Hello all and Welcome to Education 5103!
For the first two weeks of the course, we will be involved in familiarizing ourselves with Moodle, introducing ourselves to the class, completing the first selection of readings, posting our thoughts to the discussion area and responding to the postings of others.
The discussions are the heart of an online course. Try to keep your messages concise – about one screen full may be adequate. You are expected to post original responses and reply to your classmate’s messages each week; keep in mind that your main audience is your classmates, not me. Do not just spout opinions; support or challenge ideas with data, and give reasons for your beliefs. In addition, the timeliness of your messages is important; if you wait until Sunday evening to post all of your messages, it’s like arriving at a party when all of the other guests are just leaving. Please do not post your messages as attachments because your file type may not be compatible with everyone else’s system. To avoid spelling and grammar mistakes, you may wish to consider composing your message in a word processor, and then copy and paste your text into a Moodle discussion posting.
For the first week please do the following:
Make sure you are familiar with this online software by trying it out and going through all of the various features.
Please take a look at the course pages: “Course Description”, and “Course Philosophy and Web Resources”. You will find links to these pages at the top of the opening page for the course. On those pages you will find course information and Assessment Rubrics. Please note the Rubric for the Discussion Area as most of the course activity happens there.
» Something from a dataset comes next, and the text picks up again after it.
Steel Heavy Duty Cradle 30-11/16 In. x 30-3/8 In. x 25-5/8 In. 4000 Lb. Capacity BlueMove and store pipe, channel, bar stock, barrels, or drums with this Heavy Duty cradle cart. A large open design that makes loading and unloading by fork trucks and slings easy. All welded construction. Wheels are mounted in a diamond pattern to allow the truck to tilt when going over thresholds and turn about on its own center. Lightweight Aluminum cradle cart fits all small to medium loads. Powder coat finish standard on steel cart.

Introduce yourselves by posting a reply to the Class Introductions forum. In that topic area, please let us know about some or all of the following:
Where you work:
What you do:
Grade level(s) and subject you teach (if you do teach):
is this your first online course?
a general description of your computer expertise
Words or phrases that describe me:
Priorities or things that are important to me:
Something of interest about me from my past, present, or anticipated future:
You might like to include your customary e-mail for contact purposes or in case of difficulty with Moodle.
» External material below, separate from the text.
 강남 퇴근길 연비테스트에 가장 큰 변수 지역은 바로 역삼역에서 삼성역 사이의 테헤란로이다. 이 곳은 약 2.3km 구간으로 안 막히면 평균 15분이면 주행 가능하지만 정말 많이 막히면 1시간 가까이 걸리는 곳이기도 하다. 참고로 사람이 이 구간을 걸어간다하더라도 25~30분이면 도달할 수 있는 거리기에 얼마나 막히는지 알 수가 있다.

This week we will be reviewing two basic approaches to educational instruction: directed instruction and constructivist instruction. We will also look at the theoretical basis for these two approaches by looking at a number of psychologists’ theories. Next, keeping in mind the basic approaches and theories, we will look at how software in the classroom fits into the picture. Please read the information and sites below and then answer the questions within the “Week 1 assignment” discussion forum.
Directed instruction, in its crudest form, is the “old fashion” way of teaching. The teacher is at the front of the class directing the students to a new level of understanding in a very specific teacher-directed manner.
Robyler, M.D. et al(1999) summarize the characteristics of directed instruction:
Focus on teaching sequences of skills that begin with lower-level skills and build to higher-level skills.
Clearly state skill objectives with test items matched to them.
Stress more individualized work than group work.
Emphasize traditional teaching and assessment methods: lectures, skill worksheets, activities and tests with specific expected responses.
Here are some components for a recent model of directed instruction.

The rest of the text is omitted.